Hierarchical composite polyaniline-(electrospun polystyrene) fibers applied to heavy metal remediation.

We describe the in situ preparation of a multipurpose hierarchical polyaniline-polystyrene (PANI-PS) composite based in the chemical polymerization of PANI on nonwoven (NW) electrospun PS mats. We performed a detailed study of the properties of these materials to select the best strategies to incorporate PANI chains into pristine NW PS mats without compromising the original porosity and mechanical flexibility of the matrices. The resulting composites presented nanostructured PANI chains highly dispersed in the interior of the NW PS mat and showed good electrical properties and surface-wetting characteristics that could be easily controlled. In particular, we show that these NW PANI-PS mats exhibit interesting properties in their interaction with heavy metal ions. For instance, their high adsorption capacities toward dispersed Hg(II), Cd(II), Pb(II), Cr(VI), and Cu(II) ions make them promising materials for water remediation, by providing a simple manner of collecting and removing these metals from aqueous systems.

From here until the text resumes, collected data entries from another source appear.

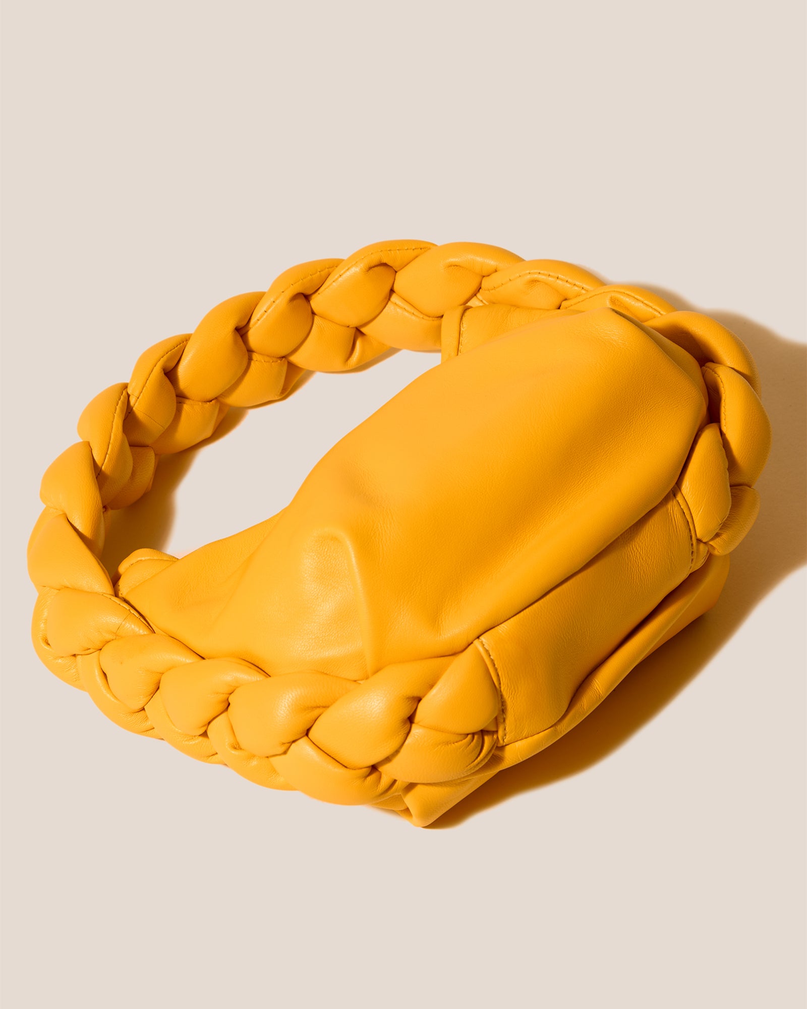 Mini bag with braided handle detail and a slim adjustable strap. Can be worn crossbody or carried by hand. Crafted in supple lambskin and lined with organic cotton.
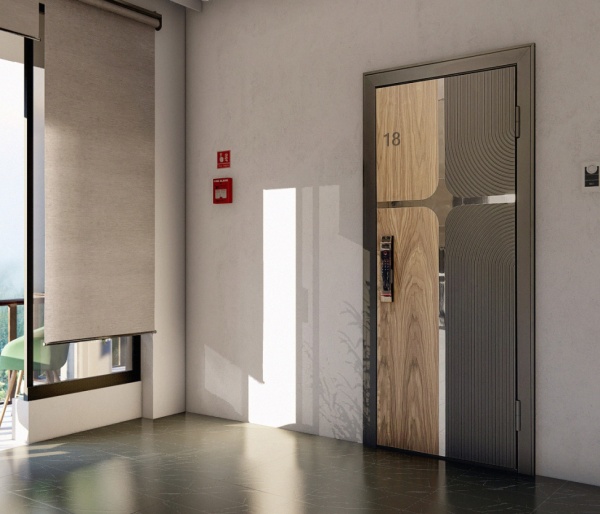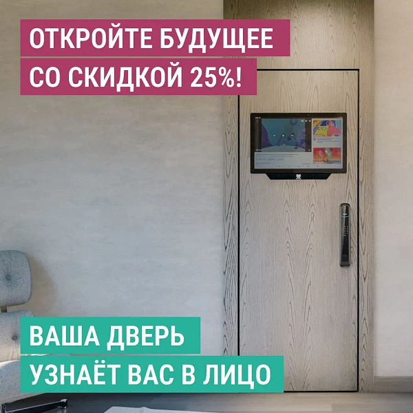 Электромеханические двери с интегрированной биометрией, монитором, видеорегистратором и домофоном.
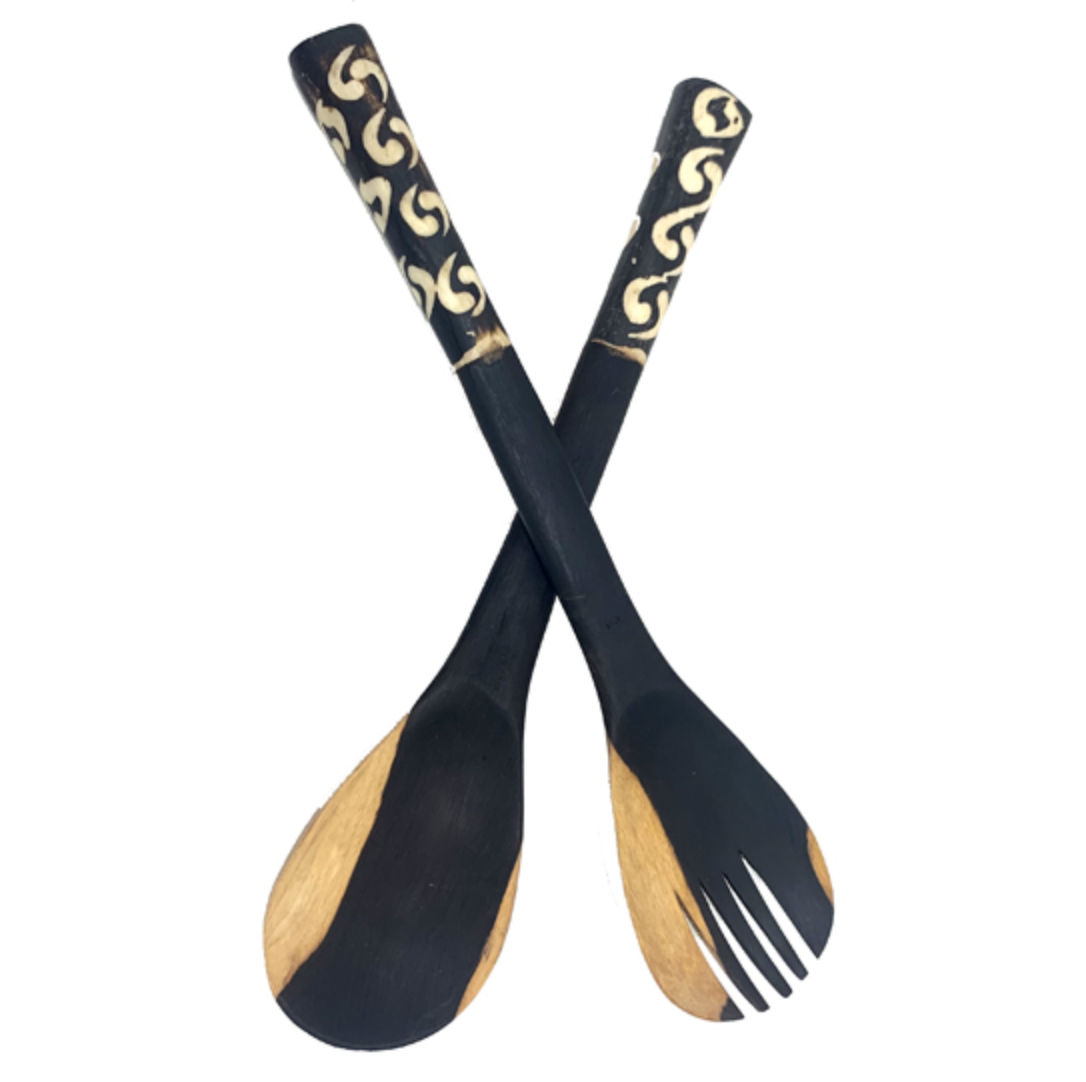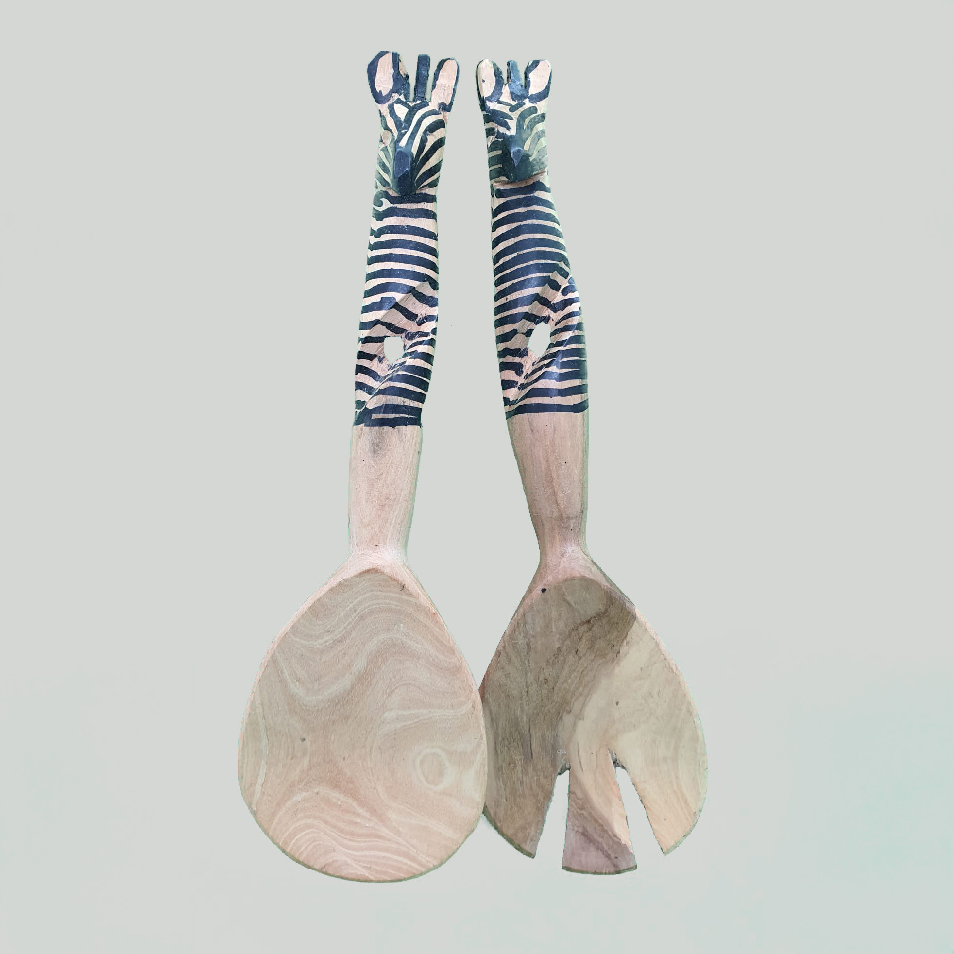 The carvers from the Kamba tribe obtain permits and supplement their agricultural income through carving. Discarded bone is bleached and dyed using the batik process, before being used for handles and decorations.

In fact, the NW electrospun mats here presented do not suffer from the usual limitations found in materials commonly employed as adsorbents, such as a tendency to agglomerate or accumulate in the environment because of difficulties of properly recovering them after use. To better understand the nature of each pairwise metal-PANI interaction, we performed a thorough investigation of the optical and electrical changes induced by the metal adsorption in the NW PANI-PS mats. As a consequence of their interaction with the metal ions, the visual aspect of the mats change, a fact more evident in the case of Cr(VI) removal, when the matrices vary their color from green to purple. These changes are related to the variation of the oxidation state of the PANI chains: as the ion metals are progressively adsorbed into the mat, they promote the conversion in varying degrees of the PANI chains from salt emeraldine to the pernigraniline form, and the mats become more resistive. We implemented an electrical impedance investigation of the charge transport characteristics of NW PANI-PS mat, and the results indicate that they are sensitive to the type of metal ion adsorbed and that the amount of ions adsorbed in each case is mostly related to the standard electrode potential of the metal considered.